La Esclava Virgen                                                                                                                           Capítulo 166

 

El General Ferdinando decidió convocar a todos los generales para planear la estrategia con la que pensaban aniquilar al ejército español a su llegada. Todos se reunirían en Santa Ana de Barahona para discutir el tema. El General organizó una cena para recibir a los generales aliados convocados. Después de conseguir esta gran victoria, el general Ferdinando pensaba consagrarse como el primer presidente de la nueva República.

 

El comandante Román Arteaga, hermano mayor del general Ferdinando, decidió apoyar con su ejército a su hermano, con el fin de terminar de una vez por todas con la guerra contra los españoles. Así que llegó a la región acompañado de su esposa doña Yanet. El comandante Román siempre quiso haber sido el líder de los independentistas, pero se resignó a que su hermano lo fuera, y ahora estaba decidido a darle su apoyo para que unificara todas las regiones en una sola patria. Por su parte, la región oriente, estaría de acuerdo a la unificación. El general Benjamín controlaba la región Occidente, y también estaba de acuerdo con la unificación.

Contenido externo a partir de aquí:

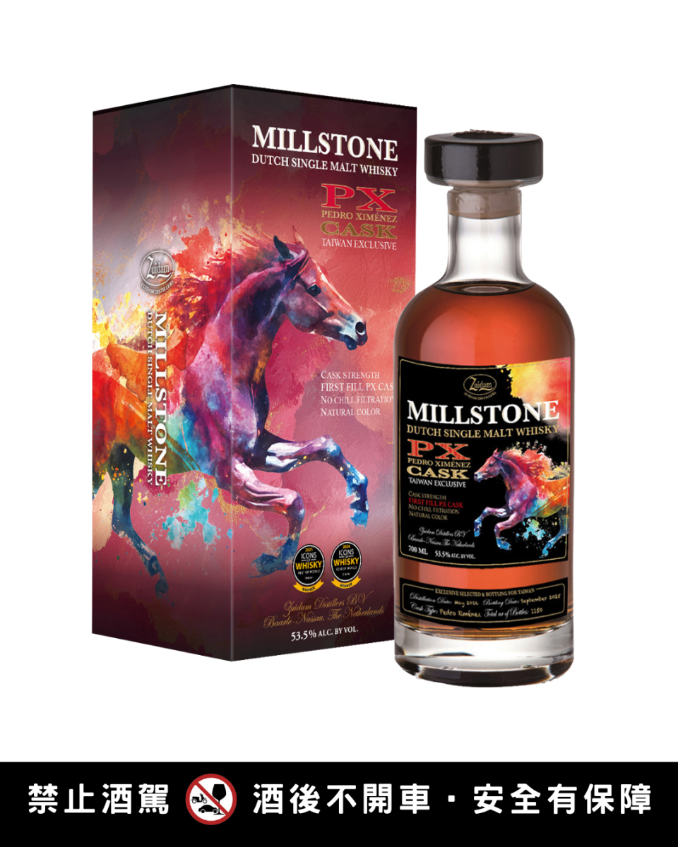 來自荷蘭Zuidam 酒廠的米爾登單一麥芽威士忌,以風車與麥田聞名其風土精神。本次推出台灣限定馬年紀念原酒,酒精濃度高達53.5%原桶強度,濃郁葡萄乾、蜜餞、可可、烘烤堅果與香料氣息交織,酒體厚實卻平衡,尾韻綿長優雅。完整展現PX 雪莉桶的濃厚風味。以奔馳駿馬為設計主軸,色彩繽紛帥氣奔放,象徵馬年勇往直前、氣勢如虹;背景呼應荷蘭麥田與釀酒原料意象,兼具藝術感與收藏價值。原酒級實力,為新年開出好彩頭。建議售價3350元

El general Ferdinando estaba al frente de la región centro y también estaba a favor de la unificación. Solo faltaba el resto de regiones por definir. Sin embargo, Yanet, la esposa del comandante Román, tenía visiones que no sabía interpretar, ella pensaba que eran señales divinas, de algún dios, pero ella no era católica, así que necesitaba buscar la forma de interpretar sus visiones pues en ella veía a su marido Román como el único presidente de la nueva República.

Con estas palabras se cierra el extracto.